#### Work to complete:
Exactly as written, print every line of the listing below and omit its pictures.

#### The records:
###
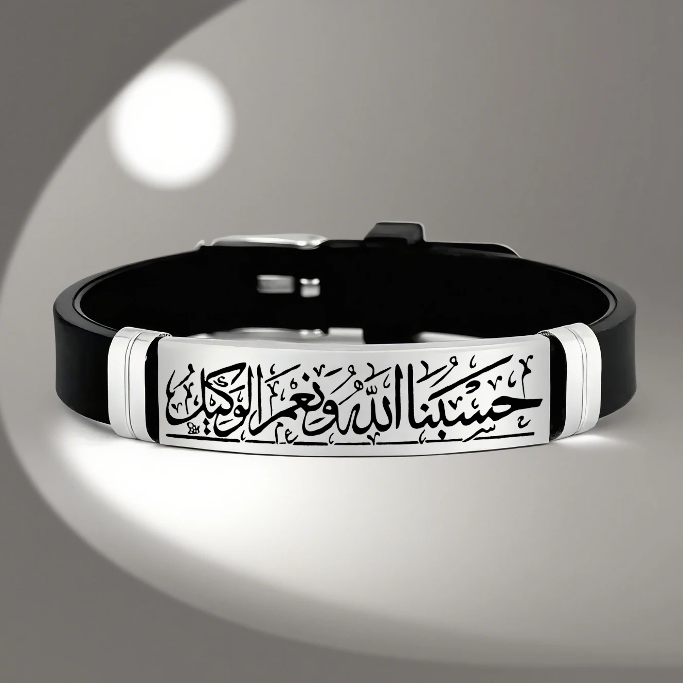 Calligraphie arabe islamique, bracelet en acier inoxydable, prière pour la bénédiction et la protection de l’Allah, Eid al Fitr, Thanksgiving du Ramadan
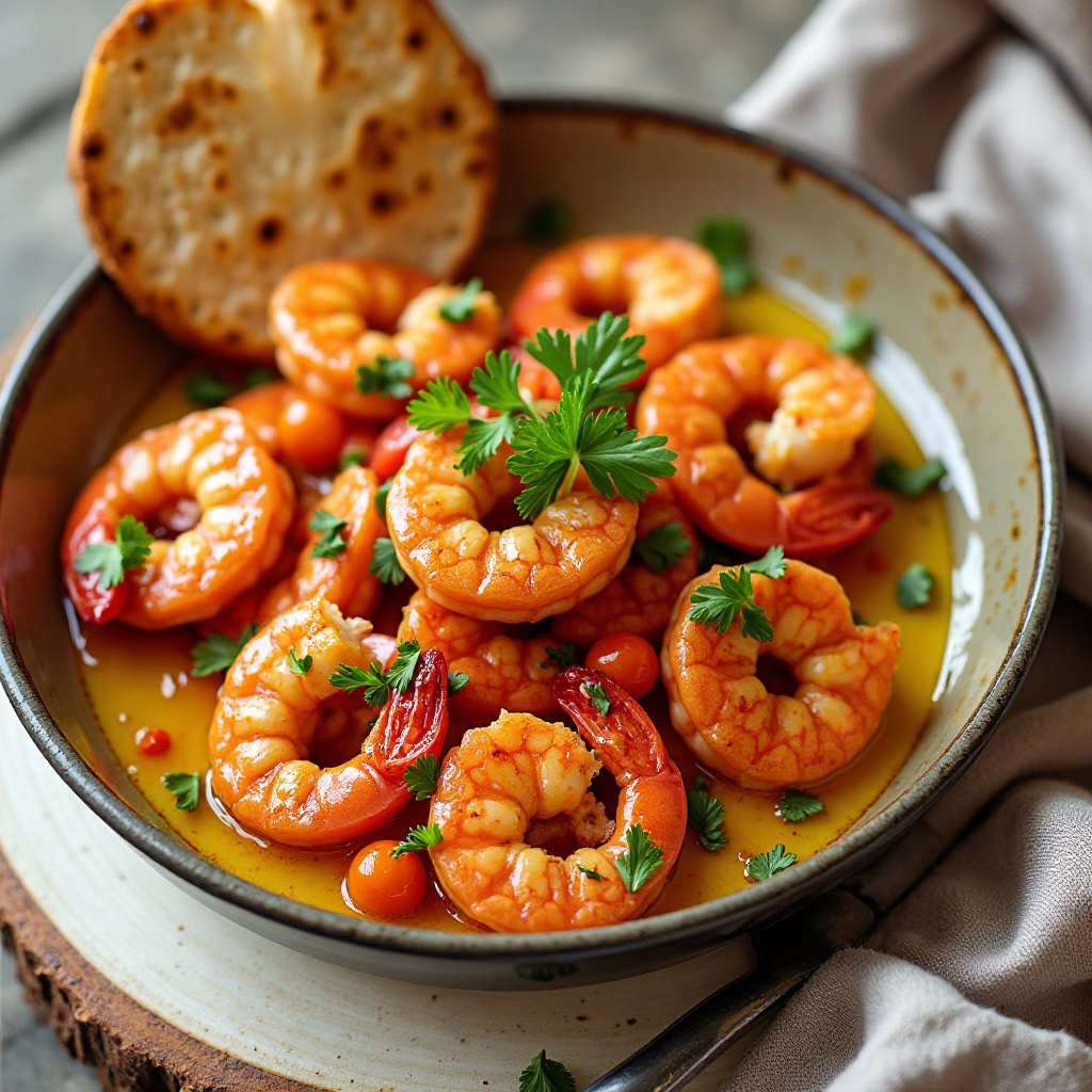 El plato de gambas al ajillo es un manjar de proteínas magras y grasas saludables. La inclusión de pimientos choriceros y paprika de Denia ofrece antioxidantes. Para una versión más saludable, considera usar aceite de oliva con propiedades específicas para la dieta como el aceite de oliva extra virgen, y ajusta la sal según tus necesidades dietéticas.
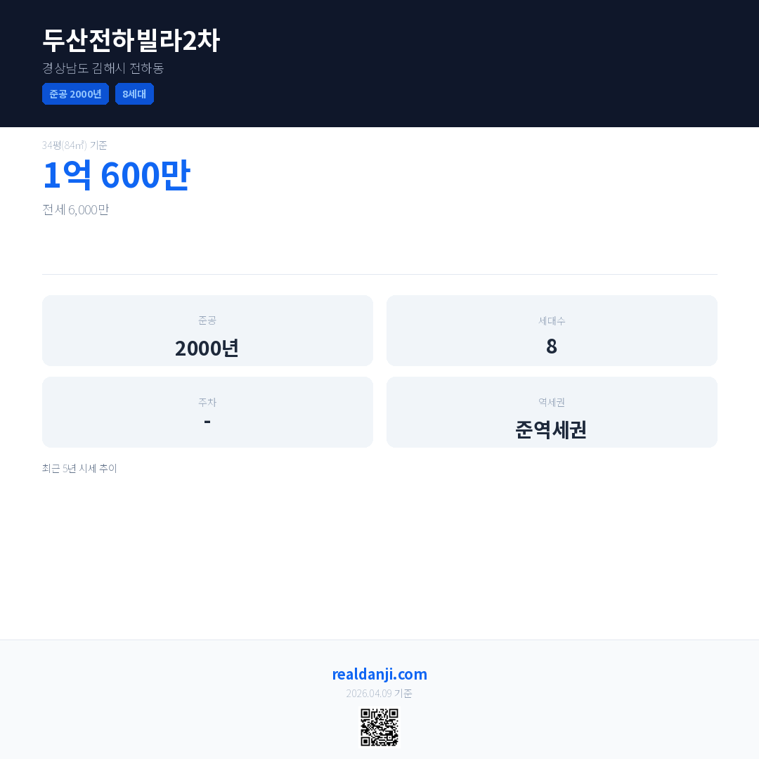 두산전하빌라2차 최근 거래가는 1억 600만입니다. (2016-05)
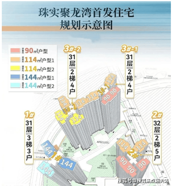 项目整体规划 4 栋高层住宅,总计约 460 套可售房源,楼栋梯户比分别为 1 栋 2T5、2 栋 2T4、1 栋 3T3,全部房源采用全南向设计,保障每一户都拥有充足的采光与通风效果,70% 的产品配备私梯入户或入户花园设计,兼顾居住私密性与归家仪式感。
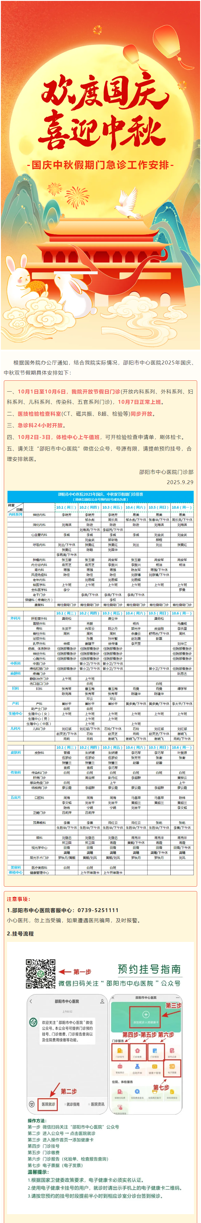 邵阳市中心医院2025年国庆、中秋节假期门急诊工作安排
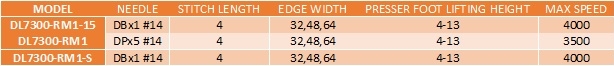 SIRUBA DL7300 - è una macchina da cucire a punto annodato completamente automatica, computerizzata. È dotato di un tagliente per bordi che lascia una sporgenza di 3,2 / 4,8 / 6,4 mm e può essere dotato di un dispositivo di legatura del nastro.
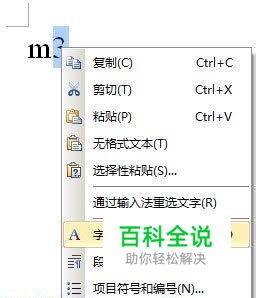 鼠标选中3,右键单击,在菜单中点击字体。
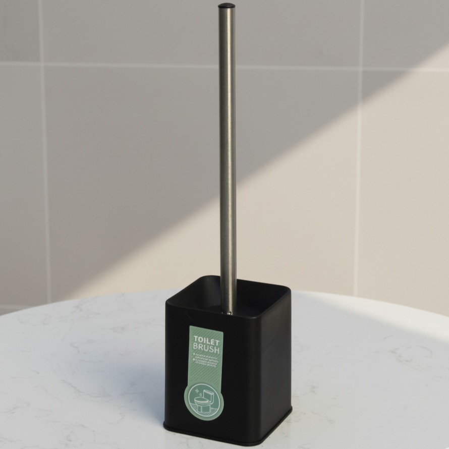 Con unas medidas de 40 cm de alto por 10 cm de lado, esta escobilla es perfecta para cualquier espacio, combinando diseño moderno y practicidad. Su acabado negro le aporta un toque sofisticado que armoniza con cualquier decoración.
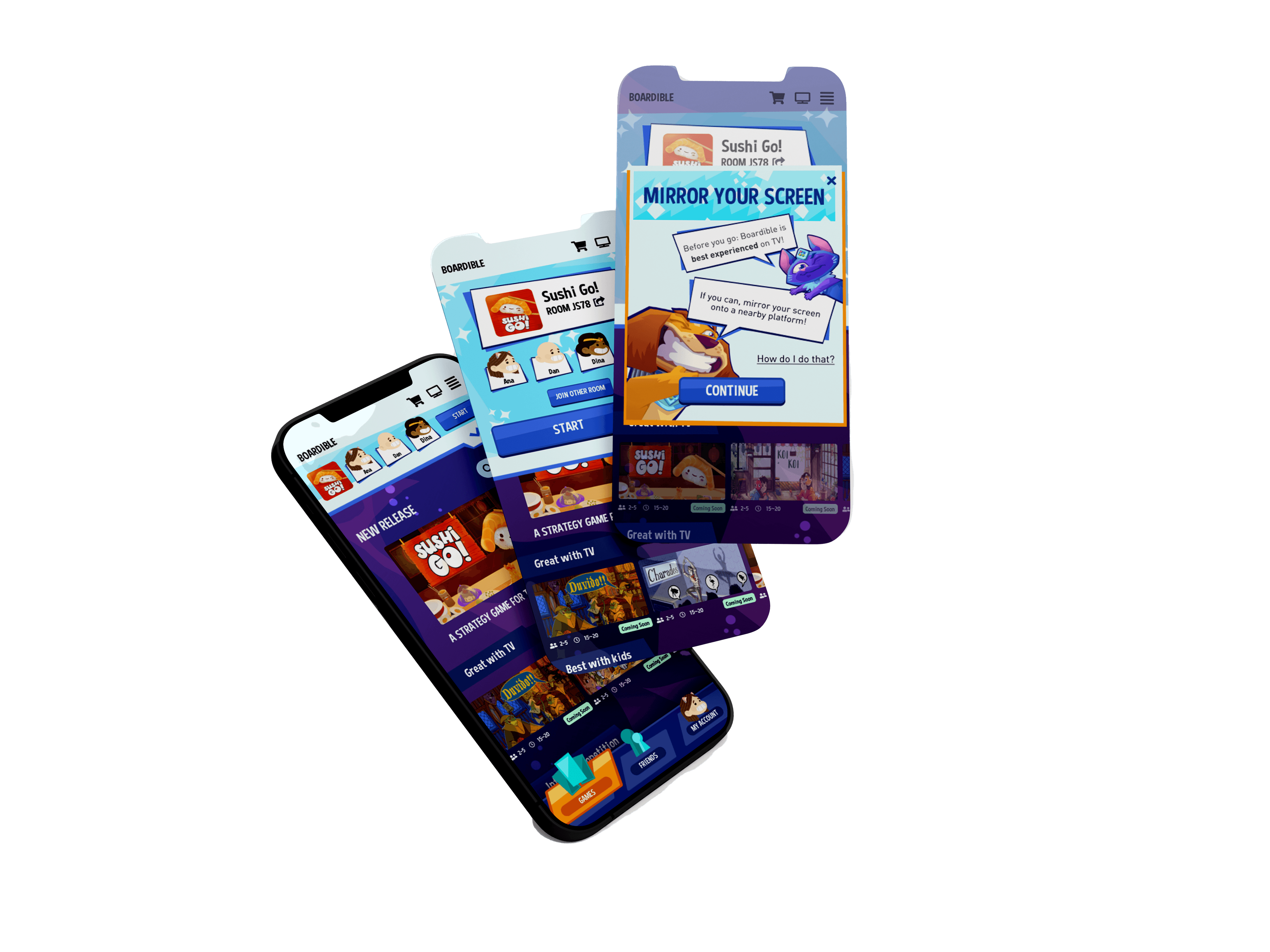 Boardible currently has a TV-specialized set of interfaces for its hosted games, though it was underused by users. Though users could mirror their screens easily with Boardible's current interface, users in a younger demographic (early-stage couples and college students) often did not have access to traditional TVs. Finding ways to communicate Boardible's adaptability to large screen alternatives to TV like laptops, was also a central part of my research.
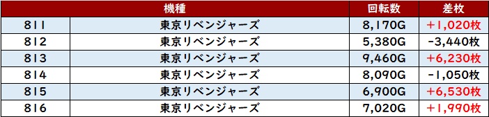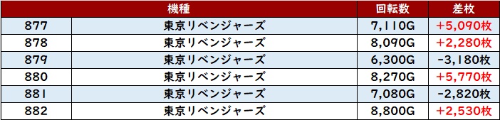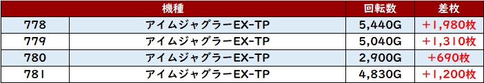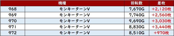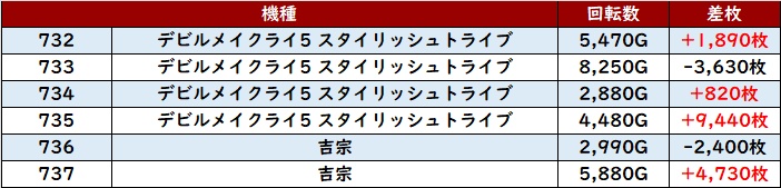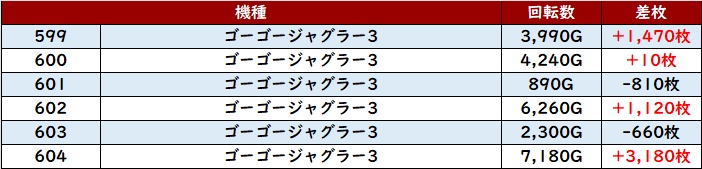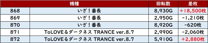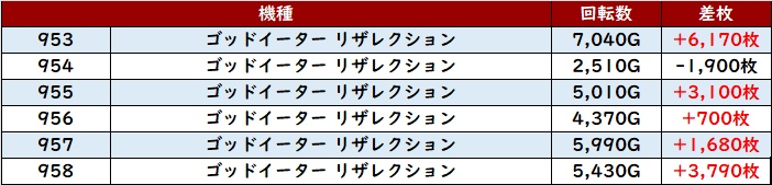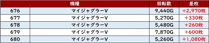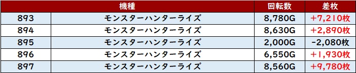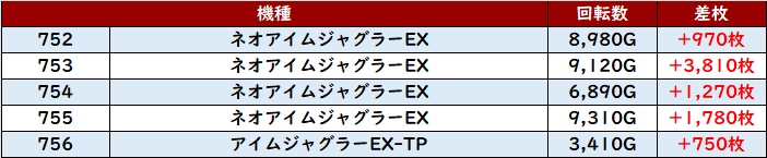 こちらも回転数8,500G超えの稼働に加え、全台差枚数+2,600枚超えの出玉感を記録し素晴らしい結果を見せつけていた。
###
#### Result of this exercise:
 Calligraphie arabe islamique, bracelet en acier inoxydable, prière pour la bénédiction et la protection de l’Allah, Eid al Fitr, Thanksgiving du Ramadan
 El plato de gambas al ajillo es un manjar de proteínas magras y grasas saludables. La inclusión de pimientos choriceros y paprika de Denia ofrece antioxidantes. Para una versión más saludable, considera usar aceite de oliva con propiedades específicas para la dieta como el aceite de oliva extra virgen, y ajusta la sal según tus necesidades dietéticas.
 두산전하빌라2차 최근 거래가는 1억 600만입니다. (2016-05)
 项目整体规划 4 栋高层住宅,总计约 460 套可售房源,楼栋梯户比分别为 1 栋 2T5、2 栋 2T4、1 栋 3T3,全部房源采用全南向设计,保障每一户都拥有充足的采光与通风效果,70% 的产品配备私梯入户或入户花园设计,兼顾居住私密性与归家仪式感。
 邵阳市中心医院2025年国庆、中秋节假期门急诊工作安排
 SIRUBA DL7300 - è una macchina da cucire a punto annodato completamente automatica, computerizzata. È dotato di un tagliente per bordi che lascia una sporgenza di 3,2 / 4,8 / 6,4 mm e può essere dotato di un dispositivo di legatura del nastro.
 鼠标选中3,右键单击,在菜单中点击字体。
 Con unas medidas de 40 cm de alto por 10 cm de lado, esta escobilla es perfecta para cualquier espacio, combinando diseño moderno y practicidad. Su acabado negro le aporta un toque sofisticado que armoniza con cualquier decoración.
 Boardible currently has a TV-specialized set of interfaces for its hosted games, though it was underused by users. Though users could mirror their screens easily with Boardible's current interface, users in a younger demographic (early-stage couples and college students) often did not have access to traditional TVs. Finding ways to communicate Boardible's adaptability to large screen alternatives to TV like laptops, was also a central part of my research.
 こちらも回転数8,500G超えの稼働に加え、全台差枚数+2,600枚超えの出玉感を記録し素晴らしい結果を見せつけていた。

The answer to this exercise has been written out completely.